#### Recorded data:
::::
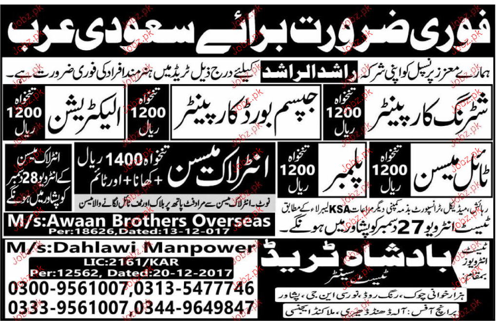 Latest Badshah Trade Test Center Construction Posts Saudi Arabia 2025
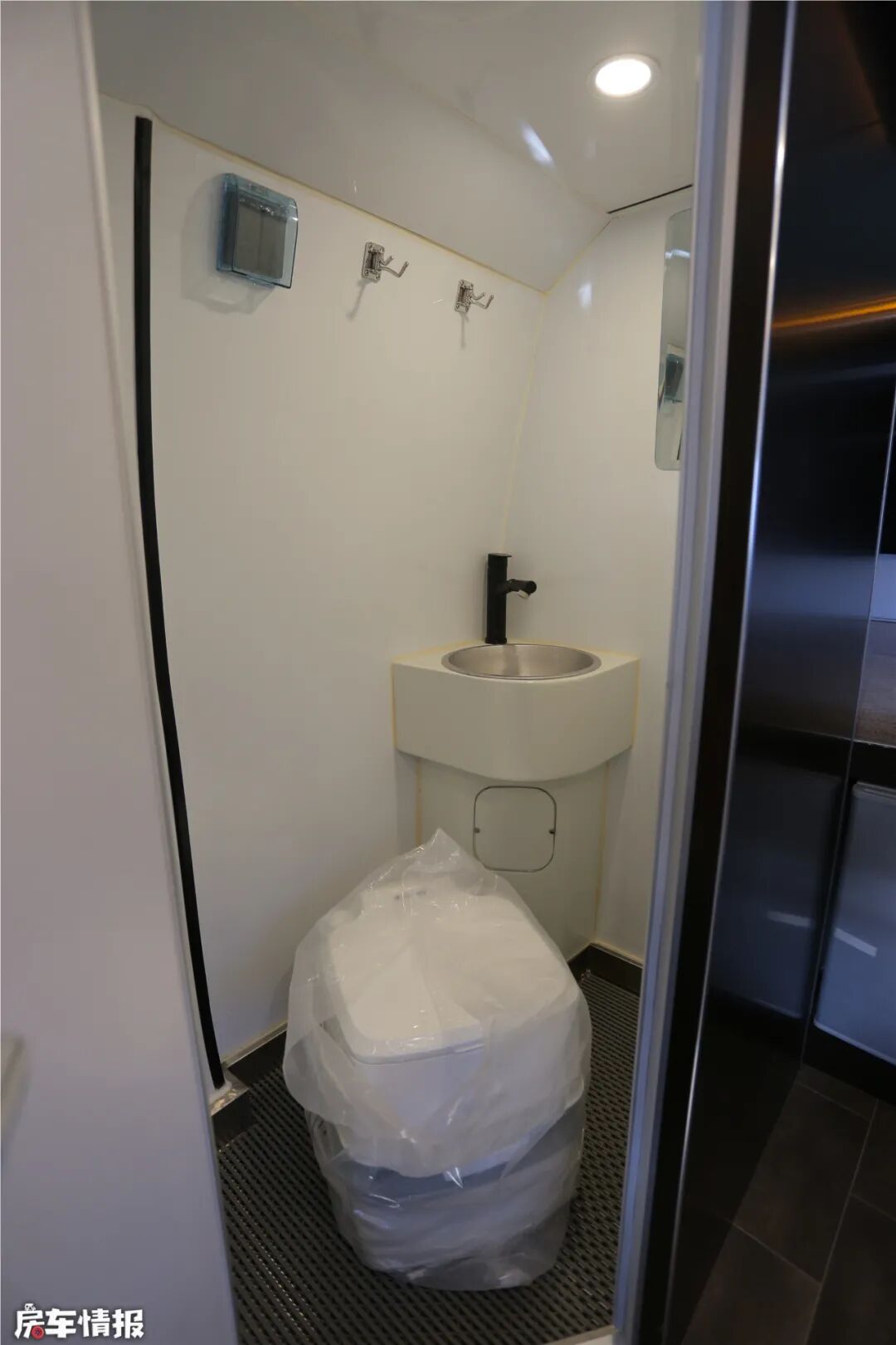 车尾转角处是卫生间,独立开门的设计,与其他功能区形成了物理隔离,整洁、卫生。内部提供了便携式马桶、洗手池、冷热水龙头、梳妆镜、挂衣钩、带防水罩的市电插座等设施,马桶可以随时移动,以便于腾出额外的储物空间。
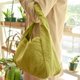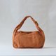 スナップボタンで閉じられる口と、側面の大きなポケットで機能的なうえに、カジュアル過ぎない上品なショルダーバッグ。バッグのマチから続くショルダー紐を持つと、ゆるい三角形に見える優しい印象のカバンです。
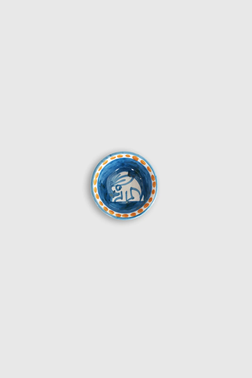 Mini bol à tapas avec motif Lapin. Chaque pièce unique de céramique est fabriquée par des artisans italiens à Positano et décorée au pinceau sur la base de tons aquarellés et de thèmes bestiaires porte-bonheur.
::::
#### What the task asks:
Omitting the images, copy the listing exactly.

#### Exercise answer:
 Latest Badshah Trade Test Center Construction Posts Saudi Arabia 2025
 车尾转角处是卫生间,独立开门的设计,与其他功能区形成了物理隔离,整洁、卫生。内部提供了便携式马桶、洗手池、冷热水龙头、梳妆镜、挂衣钩、带防水罩的市电插座等设施,马桶可以随时移动,以便于腾出额外的储物空间。
 スナップボタンで閉じられる口と、側面の大きなポケットで機能的なうえに、カジュアル過ぎない上品なショルダーバッグ。バッグのマチから続くショルダー紐を持つと、ゆるい三角形に見える優しい印象のカバンです。
 Mini bol à tapas avec motif Lapin. Chaque pièce unique de céramique est fabriquée par des artisans italiens à Positano et décorée au pinceau sur la base de tons aquarellés et de thèmes bestiaires porte-bonheur.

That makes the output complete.